Specifically, as shown in FIG. 10, the exhaust pipe 1222 includes an inner sleeve 12221 and an outer sleeve 12222, and the inner sleeve 12221 has an external thread to form the blocking section; the outer sleeve 12222 has an internal thread, and the inner sleeve 12221 is sleeved with the outer sleeve by threaded connection. With this arrangement of the exhaust pipe 1222, the exhaust pipe 1222 is easy to disassemble, assemble and replace.


Specifically, as shown in FIG. 8, an extension direction of the supply channel 2211 coincides with an extension direction of the first end, the supply channel 2211 is located directly below the first end, the supply connecting part 221 further includes a reset spring 2222, and the reset spring 2222 is provided between the first end and the supply channel 2211 and configured to reset the lever 2223 by removing an external force.
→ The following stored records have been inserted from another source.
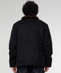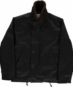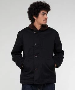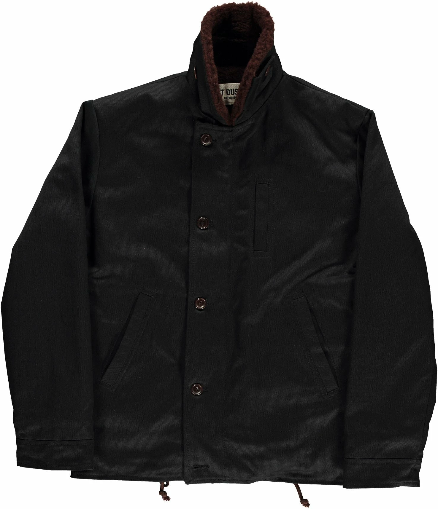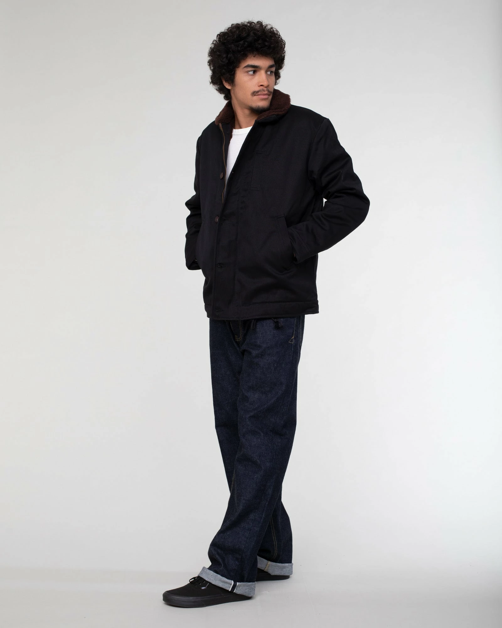 Our interpretation of the classic deck jacket comes in black 100% cotton Bedford Cords from our Belgian mill, featuring 2 front hip pockets (lined with a wool blend) and a chest pocket. The body was lined with wool, the sleeves with a wool blend and there are storm cuffs in a knitted rib. Also has an interior pocket. Produced in limited quantities so grab one while you can!
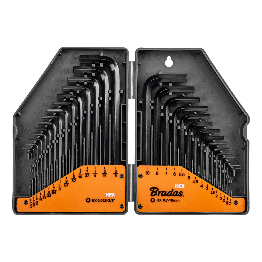 Ez az imbuszkulcskészlet a tartósságot, a kényelmet és a sokoldalúságot ötvözi. Meghosszabbított kialakításának köszönhetően könnyedén hozzáférhet még a legnehezebben elérhető helyekhez is. Megbízható eszköz minden barkácsoló és profi számára.Műszaki adatokKészlet típusa: HEX imbuszkulcsokElemek száma: 9 darabMetrikus méretek: 0,7 / 0,9 / 1,3 / 1,5 / 2 / 2,5 / 3 / 4 / 4,5 / 5 / 5,5 / 6 / 7 / 8 / 10 mmSAE méretek: 0,028» - 0,035» - 0,050» - 1/16» - 5/64» - 3/32» - 7/64» - 1/8" - 9/64» - 5/32» - 3/16» - 7/32» - 1/4" - 5/16» - 3/8"Anyag: króm-vanádium acél (CRV)Bevonat: fekete - fokozott ellenállás a korrózióval ésa sérülésekkel szemben Kialakítás: hosszú kulcsok a kényelmesebb munkavégzéshez· Csomagolás: praktikus dobozTermékjellemzők· Masszív CRV acélszerkezet a hosszú élettartamért· Stílusos és kopásálló FEKETE kivitel· Precíz Válogatott méretek széleskörű alkalmazásokhoz· Masszív doboz a kényelmes tároláshoz és szállításhozAlkalmazások· Professzionális autó- és szervizműhelyek· Mechanikus és elektronikus alkatrészek összeszerelése és szétszerelése· Kerékpár-, motorkerékpár- és sporteszköz-szerviz· Karbantartási és javítási munkák otthon és a garázsban· Ideális barkácsolóknak és szakembereknek
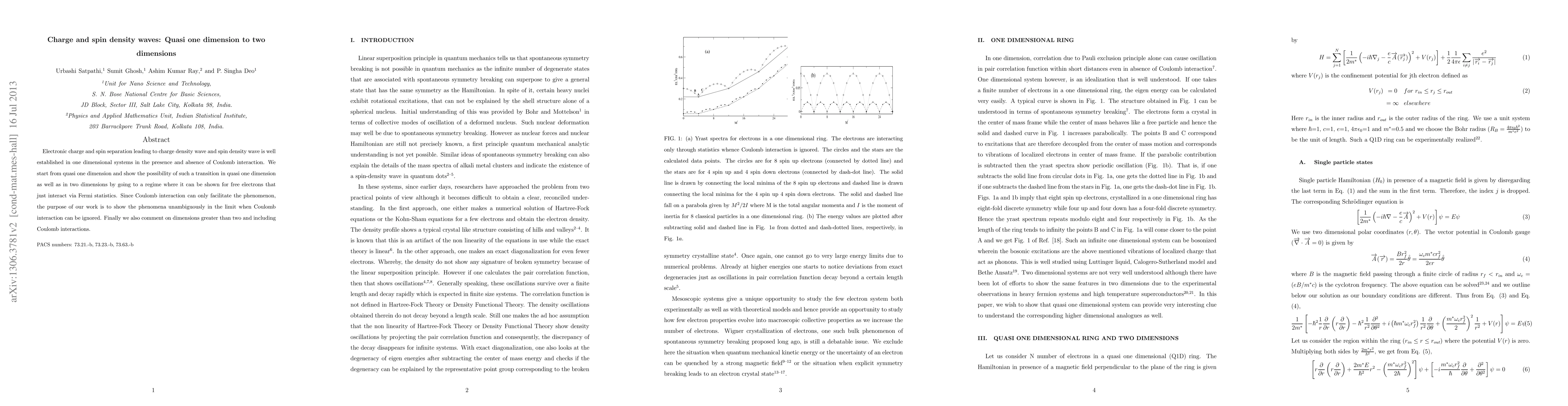 This paper explores the emergence of charge and spin density waves in quasi one-dimensional and two-dimensional systems, demonstrating the phenomena without reliance on Coulomb interaction, focusing on the role of Fermi statistics. The study also briefly discusses implications for higher dimensions and the effects of Coulomb interactions.

It is apparent that the mode in which the reset spring 2222 resets the lever 2223 is exemplary only and not exclusive, and for example, a heavy second end of the lever 2223 also resets the lever 2223, and with this arrangement, the sparkling water mixing assembly 10 saves the space and has a compact structure.


Specifically, as shown in FIGS. 2 to 11, the sparkling water mixing assembly 10 includes a supply module 200 and a mixing container 110, and the supply module 200 is configured to supply carbon dioxide. The mixing container 110 is configured to contain to-be-mixed liquid, and the mixing container 110 has an opening. A mixing connector 121 is configured to detachably provide the mixing container 110, and the mixing connector 121 has a mixing cavity 1211, a pressure channel 1212 and an accessing channel 1213. The opening extends into the mixing cavity 1211; the pressure channel 1212 is communicated with the mixing cavity 1211 and configured to regulate a pressure within the mixing cavity 1211; the accessing channel 1213 is communicated with the mixing cavity 1211 and the supply module 200, and configured to allow the mixing container 110 to acquire the carbon dioxide.


As shown in FIG. 11, a specific shape of the mixing container 110 is not limited, and in the present embodiment, the mixing container 110 has a bottle shape, and the opening is located above the bottle. A shape, a size, or the like, of the mixing cavity 1211 of the mixing container 110 are not particularly limited. A specific mode in which the mixing container 110 is detachably provided on the mixing connector 121 is not limited, and in the present embodiment, the mixing container 110 is snapped to the mixing connector 121 by a bottle wall at the opening thereof, and the opening naturally extends into the mixing cavity 1211. The pressure channel 1212 and the accessing channel 1213 of the mixing container 110 are also not particularly limited. The pressure channel 1212 is configured to adjust the pressure in the mixing cavity 1211, and in the present embodiment, the pressure channel 1212 is configured as a channel for adjusting the pressure in the mixing container 110 during a preparation stage and a pressure relief stage.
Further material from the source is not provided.